To avoid the error, declare the member X::c as protected:

struct X
{
    protected:
        static inline const int c = 1000;
};

C4800 reinstated

MSVC used to have a performance warning C4800 about implicit conversion to bool. It was too noisy and couldn't be suppressed, leading us to remove it in Visual Studio 2017. However, over the lifecycle of Visual Studio 2017 we got lots of feedback on the useful cases it was solving. We bring back in Visual Studio 2019 a carefully tailored C4800, along with the explanatory C4165. Both of these warnings are easy to suppress: either by using an explicit cast, or by comparison to 0 of the appropriate type. C4800 is an off-by-default level 4 warning, and C4165 is an off-by-default level 3 warning. Both are discoverable by using the /Wall compiler option.

The following example raises C4800 and C4165 under /Wall:

bool test(IUnknown* p)
{
    bool valid = p; // warning C4800: Implicit conversion from 'IUnknown*' to bool. Possible information loss
    IDispatch* d = nullptr;
    HRESULT hr = p->QueryInterface(__uuidof(IDispatch), reinterpret_cast<void**>(&d));
    return hr; // warning C4165: 'HRESULT' is being converted to 'bool'; are you sure this is what you want?
}

To avoid the warnings in the previous example, you can write the code like this:

bool test(IUnknown* p)
{
    bool valid = p != nullptr; // OK
    IDispatch* d = nullptr;
    HRESULT hr = p->QueryInterface(__uuidof(IDispatch), reinterpret_cast<void**>(&d));
    return SUCCEEDED(hr);  // OK
}

Local class member function doesn't have a body

In Visual Studio 2017, warning C4822 is raised only when compiler option /w14822 is explicitly set. It isn't shown with /Wall. In Visual Studio 2019, C4822 is an off-by-default warning, which makes it discoverable under /Wall without having to set /w14822 explicitly.

void example()
{
    struct A
        {
            int boo(); // warning C4822: Local class member function doesn't have a body
        };
}

Function template bodies containing if constexpr statements

In Visual Studio 2019 under /std:c++20 or /std:c++latest, template function bodies that have if constexpr statements have extra parsing-related checks enabled. For example, in Visual Studio 2017 the following code produces C7510 only if the /permissive- option is set. In Visual Studio 2019 the same code raises errors even when the /permissive option is set:

// C7510.cpp
// compile using: cl /EHsc /W4 /permissive /std:c++latest C7510.cpp
#include <iostream>

template <typename T>
int f()
{
    T::Type a; // error C7510: 'Type': use of dependent type name must be prefixed with 'typename'
    // To fix the error, add the 'typename' keyword.
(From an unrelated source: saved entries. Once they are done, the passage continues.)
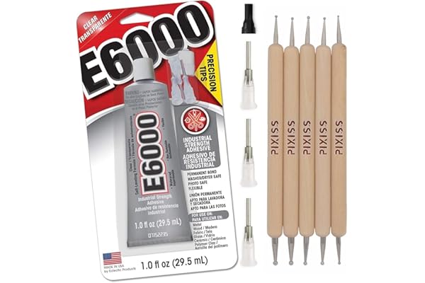 E6000 1-Ounce Tube with Precision Tips Industrial Strength Adhesive for Crafting and Pixiss Wooden Art Dotting Stylus Pens 5 pcs Set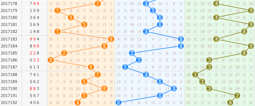 和值分析:上期和值10点,和值走势下降,近期和值走势波动较大,本期重点和值关注16防20点。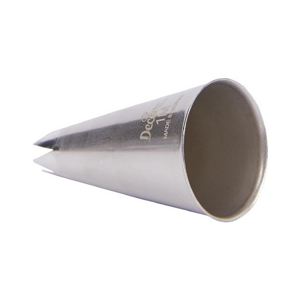 Cornetto per farcitura in acciaio inox di base ø1,8cm, foro uscita obliquo ø0,5 cm ed h6.3 cm Decora: beccuccio o bocchetta n. 230 da decorazione, senza punti di saldatura, lavabile in lavastoviglie e riutilizzabile da Decora.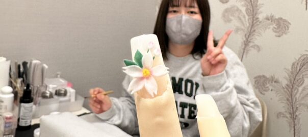 ロングネイルですが、カラーが薄い発色なので重くなり過ぎません。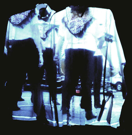 Line dancers projected onto shirts hanging on stage in the auditorium. Viewed from gallery with country music filling the space loudly. Butchers cabinet plays piano recital every 15 minutes. Tiny video image shows hands on keyboard. |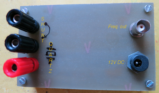 J’ai construit l’oscillateur décrit à la page 15 du document de WA5BDU et à la page 4 du document de K8ZOA, extrait et photos 1 et 2 ci-dessous. Pour la mesure, le quartz est fixé solidement sur les 2 bornes à visser rouge et noire. Pour la mesure nécessitant le shunt du condensateur de 30pF en série avec le quartz, un gros fil est ajouté et fixé solidement sur les 2 bornes à visser noires (évitez l’interrupteur). Le circuit est alimenté par une alimentation de 13,8V. La sortie est connectée au fréquencemètre. Le circuit imprimé est soudé sur une carte mère en époxy portant les connecteurs, elle-même vissée sur 2 cornières en aluminium coupées à dimension, donnant à l’ensemble une grande rigidité.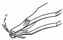 Фиг. 184. Изгиб концевой кривой вниз при помощи специального пинцета.

Use this declaration instead:
    // typename T::Type a;

    if constexpr (a.val)
    {
        return 1;
    }
    else
    {
        return 2;
    }
}

struct X
{
    using Type = X;
    constexpr static int val = 1;
};

int main()
{
    std::cout << f<X>() << "\n";
}

To avoid the error, add the typename keyword to the declaration of a: typename T::Type a;.

Inline assembly code isn't supported in a lambda expression

The Microsoft C++ team was recently made aware of a security issue in which the use of inline-assembler within a lambda could lead to the corruption of ebp (the return address register) at runtime. A malicious attacker could possibly take advantage of this scenario. The inline assembler is only supported on x86, and interaction between the inline assembler and the rest of the compiler is poor. Given these facts and the nature of the issue, the safest solution to this problem was to disallow inline assembler within a lambda expression.

The only use of inline assembler within a lambda expression that we have found 'in the wild' was to capture the return address. In this scenario, you can capture the return address on all platforms simply by using a compiler intrinsic _ReturnAddress().

The following code produces C7552 in both Visual Studio 2017 15.9 and in Visual Studio 2019:

#include <cstdio>

int f()
{
    int y = 1724;
    int x = 0xdeadbeef;

    auto lambda = [&]
    {
        __asm {  // C7552: inline assembler is not supported in a lambda

            mov eax, x
            mov y, eax
        }
    };

    lambda();
    return y;
}

To avoid the error, move the assembly code into a named function as shown in the following example:

#include <cstdio>

void g(int& x, int& y)
{
    __asm {
        mov eax, x
        mov y, eax
    }
}

int f()
{
    int y = 1724;
    int x = 0xdeadbeef;
    auto lambda = [&]
    {
        g(x, y);
    };
    lambda();
    return y;
}

int main()
{
    std::printf("%d\n", f());
}

Iterator debugging and std::move_iterator

The iterator debugging feature has been taught to properly unwrap std::move_iterator. For example, std::copy(std::move_iterator<std::vector<int>::iterator>, std::move_iterator<std::vector<int>::iterator>, int*) can now engage the memcpy fast path.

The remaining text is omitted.